Exercise description
Although the records contain pictures, repeat only the text of every line exactly.

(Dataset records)
= = = = = = =

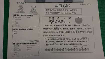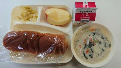 本日の献立は、きのこのクリームシチュー、キャベツのピクルス、おさつパン、牛乳、りんごです。
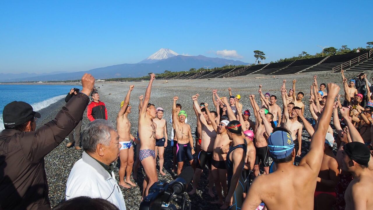寒い中、1年の健康を願い、富士山を望む千本浜海岸で泳ぎ初め。
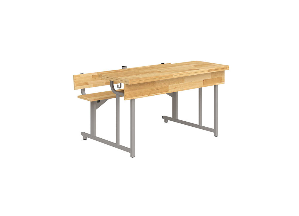 Bộ bàn ghế học sinh bán trú liền ghế, sử dụng khung thép sơn tĩnh điện.
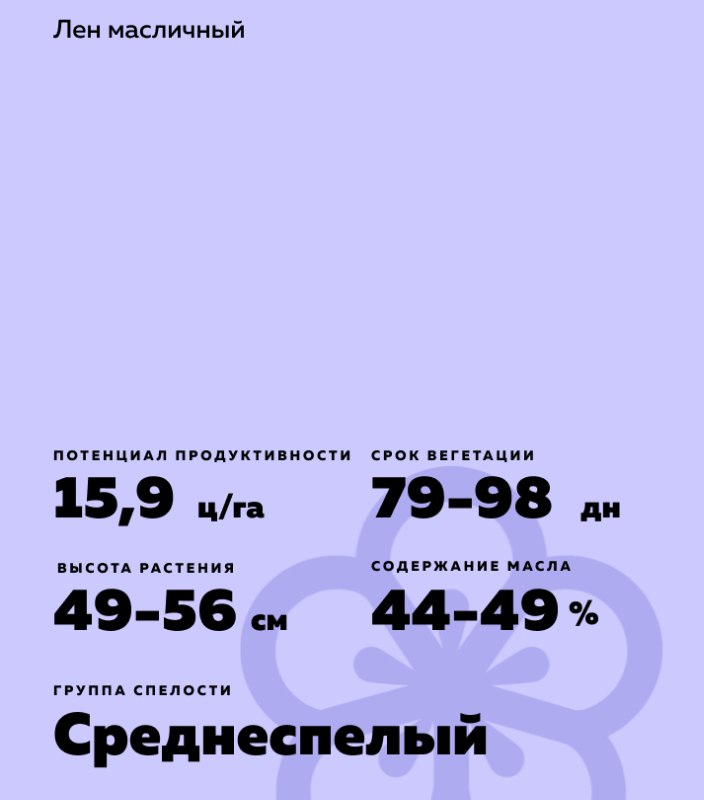 | Масса 1000 семян | 5.7-7.7 грамм |
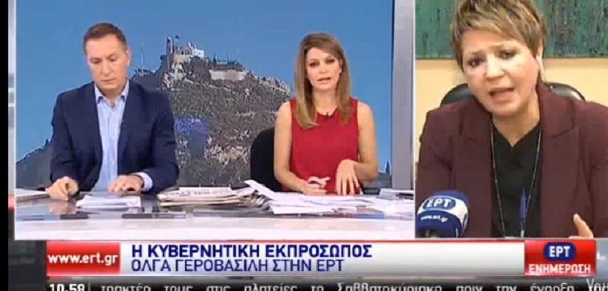 «Χέρι» στη δημοσιογράφο της ΕΡΤ που... τόλμησε να υπενθυμίσει την απόφαση του Συμβουλίου της Επικρατείας για την ακύρωση των αποφάσεων Σκουρλέτη σχετικά με τα μεταλλεία χρυσούς στις Σκουριές έβαλε η Όλγα Γεροβασίλη το πρωί της Πέμπτης.
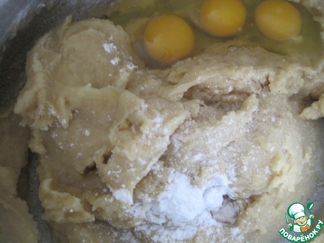 Вводим яйца, соду и всыпаем муку.
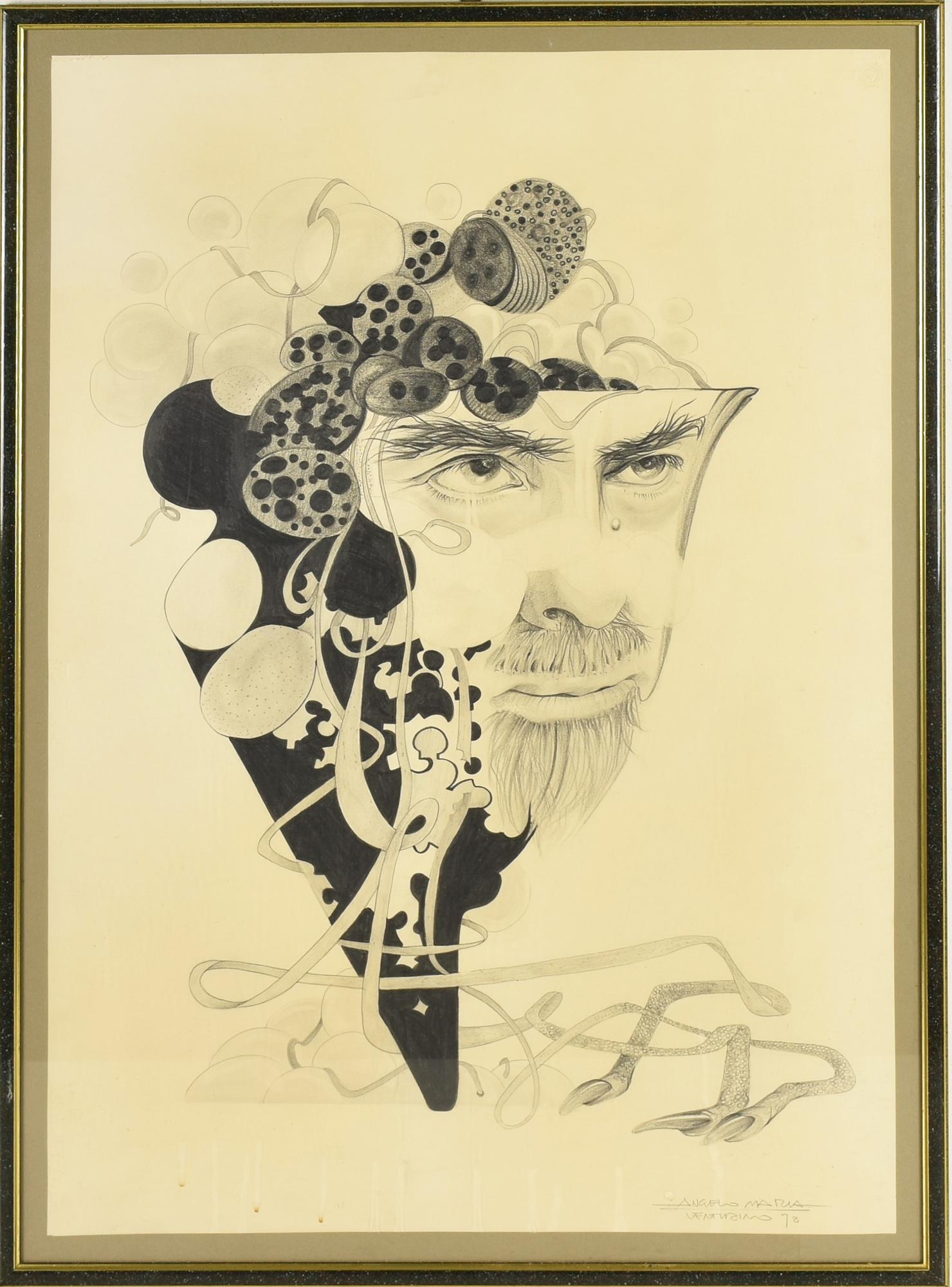 Angelo Maria Venturino VOLTO MASCHILE tecnica mista su carta, cm 72x50 firma...
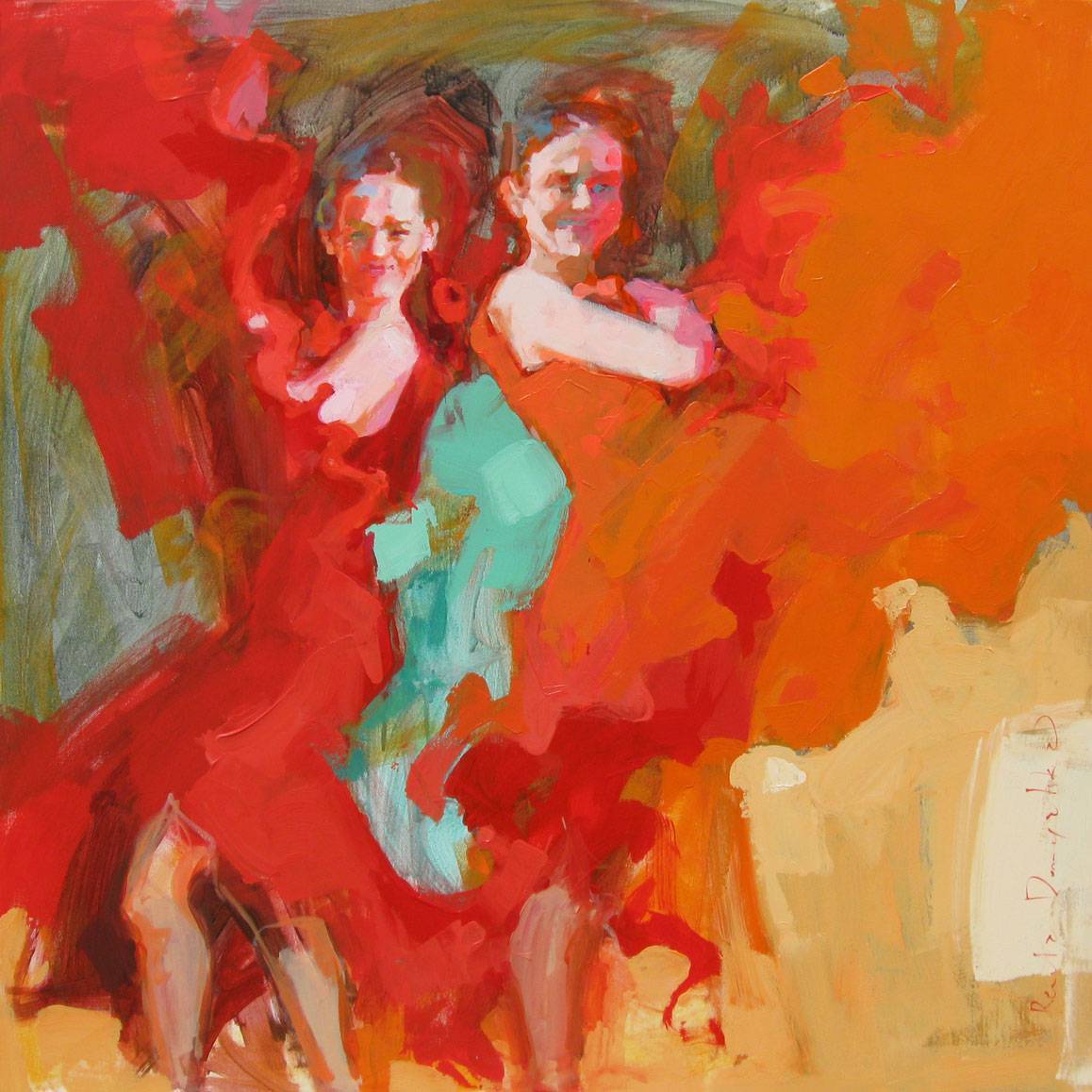 Na tym obrazie dominuje eksplozja kolorów. Intensywne czerwienie i odcienie pomarańczu mieszają się z delikatnym turkusem, tworząc dynamiczną kompozycję. Postacie zdają się tańczyć w rytm muzyki, a ich ruch jest uchwycony w płynnych, niemal abstrakcyjnych formach. Malarskie pociągnięcia pędzla są szerokie i pełne ekspresji, co nadaje dziełu niecodzienny charm. Atmosfera obrazu jest żywa, pełna energii i pasji. Można niemal usłyszeć dźwięki kastanietów i poczuć gorąco hiszpańskiego flamenco. Styl artystyczny jest zdecydowanie impresjonistyczny, z wyraźnym podejściem do uchwycenia chwili i gry światła na tkaninach. To tak jakby artysta chciał, byśmy sami zatańczyli z obrazem. Emocje, które wywołuje, to prawdziwa radość i entuzjazm. Dzieło to przypomina mi o letnich festiwalach, gdzie każdy krok to czysta celebracja życia. Użycie słowa "vibrant" idealnie oddaje tę atmosferę pełną wigoru. Patrząc na obraz, czuję się zainspirowany. Może powinnam sama spróbować tańca? Jak mówiłby 7-latek: te panie są jak ogień! Tyle serca w tym płótnie, a przecież to tylko farby i płótno, a jednak opowiadają tyle historii.
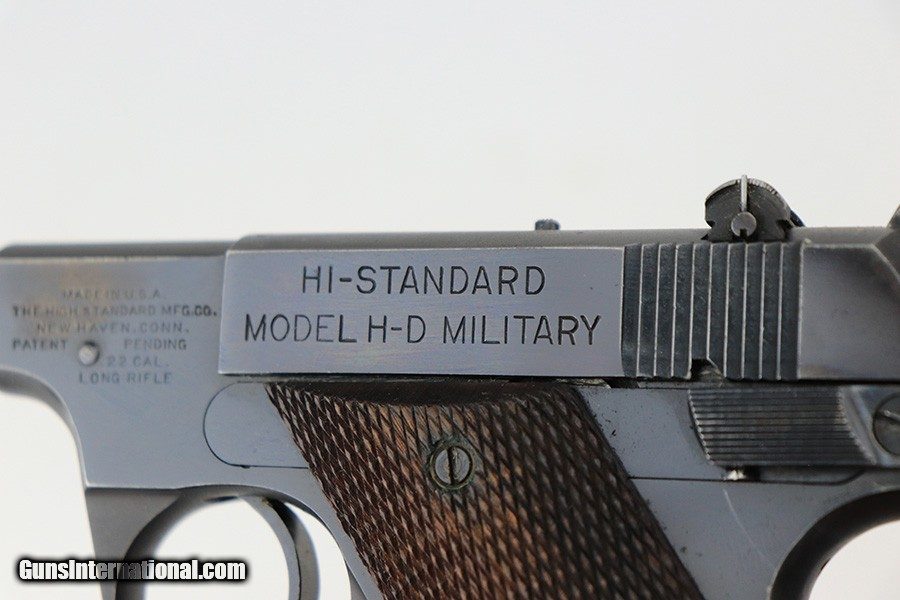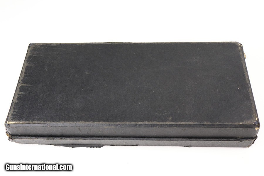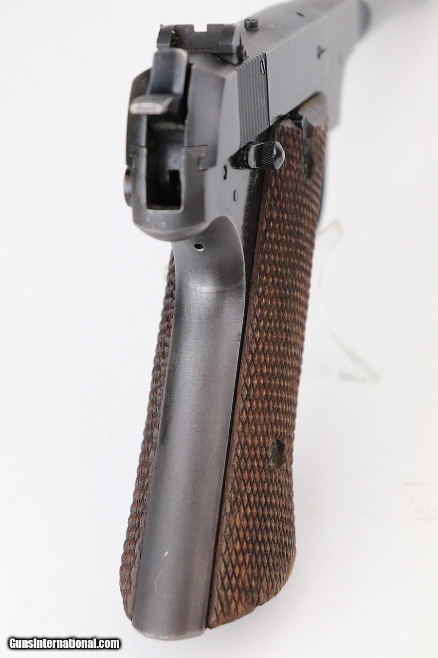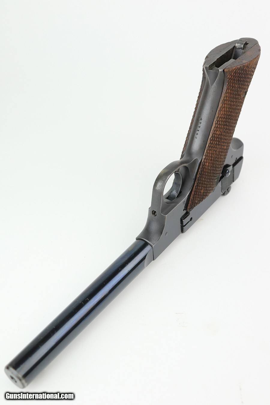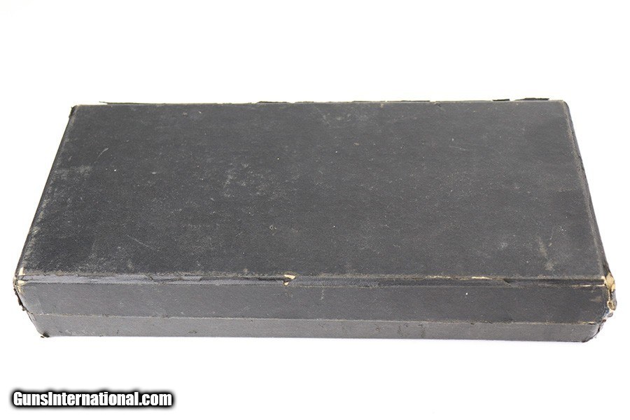 Description: This is a very nice example of a Hi Standard H-D Military pistol manufactured between 1946-1955. The gun is matching and comes with its original matching box (numbering is faint), owners manual, original wrapping, and even the original signed transfer paperwork from the Phoenix Police Department that has the original owner's information and this gun's serial number on it. The gun itself has retained about 93% of its original high polish bluing with most of the finish loss being on the grip straps. There is also some light scratchy wear along the barrel, minor muzzle wear, and a small spot of discoloration and pin-pricking on the left side of the frame. Comes with excellent wood grips and a proper magazine. Mint bore. SOLD Curio/Relic: Yes Handgun Caliber: .22 Long Rifle Bore: Mint Condition: ~93% |
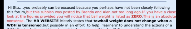 That is a big call considering all the facts already shown by demonstration on a weighbridge and by a printed fact sheet from the biggest WDH supplier in Australia. In case you forgot it was me who contacted HR after comments directed at me in a previous topic and it was HR who directed me to their weighbridge spreadsheet record as has been repeated and pasted in this topic.
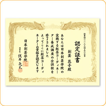 修了時に、「紅茶コーディネーター」資格が取得できます。この資格は、本格的な紅茶の知識と技能を身につけたことを証明するものです。認定証書を授与することで、あなたの実力を保証。

= = = = = = =

Written answer
 本日の献立は、きのこのクリームシチュー、キャベツのピクルス、おさつパン、牛乳、りんごです。
寒い中、1年の健康を願い、富士山を望む千本浜海岸で泳ぎ初め。
 Bộ bàn ghế học sinh bán trú liền ghế, sử dụng khung thép sơn tĩnh điện.
 | Масса 1000 семян | 5.7-7.7 грамм |
 «Χέρι» στη δημοσιογράφο της ΕΡΤ που... τόλμησε να υπενθυμίσει την απόφαση του Συμβουλίου της Επικρατείας για την ακύρωση των αποφάσεων Σκουρλέτη σχετικά με τα μεταλλεία χρυσούς στις Σκουριές έβαλε η Όλγα Γεροβασίλη το πρωί της Πέμπτης.
 Вводим яйца, соду и всыпаем муку.
 Angelo Maria Venturino VOLTO MASCHILE tecnica mista su carta, cm 72x50 firma...
 Na tym obrazie dominuje eksplozja kolorów. Intensywne czerwienie i odcienie pomarańczu mieszają się z delikatnym turkusem, tworząc dynamiczną kompozycję. Postacie zdają się tańczyć w rytm muzyki, a ich ruch jest uchwycony w płynnych, niemal abstrakcyjnych formach. Malarskie pociągnięcia pędzla są szerokie i pełne ekspresji, co nadaje dziełu niecodzienny charm. Atmosfera obrazu jest żywa, pełna energii i pasji. Można niemal usłyszeć dźwięki kastanietów i poczuć gorąco hiszpańskiego flamenco. Styl artystyczny jest zdecydowanie impresjonistyczny, z wyraźnym podejściem do uchwycenia chwili i gry światła na tkaninach. To tak jakby artysta chciał, byśmy sami zatańczyli z obrazem. Emocje, które wywołuje, to prawdziwa radość i entuzjazm. Dzieło to przypomina mi o letnich festiwalach, gdzie każdy krok to czysta celebracja życia. Użycie słowa "vibrant" idealnie oddaje tę atmosferę pełną wigoru. Patrząc na obraz, czuję się zainspirowany. Może powinnam sama spróbować tańca? Jak mówiłby 7-latek: te panie są jak ogień! Tyle serca w tym płótnie, a przecież to tylko farby i płótno, a jednak opowiadają tyle historii.
 Description: This is a very nice example of a Hi Standard H-D Military pistol manufactured between 1946-1955. The gun is matching and comes with its original matching box (numbering is faint), owners manual, original wrapping, and even the original signed transfer paperwork from the Phoenix Police Department that has the original owner's information and this gun's serial number on it. The gun itself has retained about 93% of its original high polish bluing with most of the finish loss being on the grip straps. There is also some light scratchy wear along the barrel, minor muzzle wear, and a small spot of discoloration and pin-pricking on the left side of the frame. Comes with excellent wood grips and a proper magazine. Mint bore. SOLD Curio/Relic: Yes Handgun Caliber: .22 Long Rifle Bore: Mint Condition: ~93% |
 That is a big call considering all the facts already shown by demonstration on a weighbridge and by a printed fact sheet from the biggest WDH supplier in Australia. In case you forgot it was me who contacted HR after comments directed at me in a previous topic and it was HR who directed me to their weighbridge spreadsheet record as has been repeated and pasted in this topic.
 修了時に、「紅茶コーディネーター」資格が取得できます。この資格は、本格的な紅茶の知識と技能を身につけたことを証明するものです。認定証書を授与することで、あなたの実力を保証。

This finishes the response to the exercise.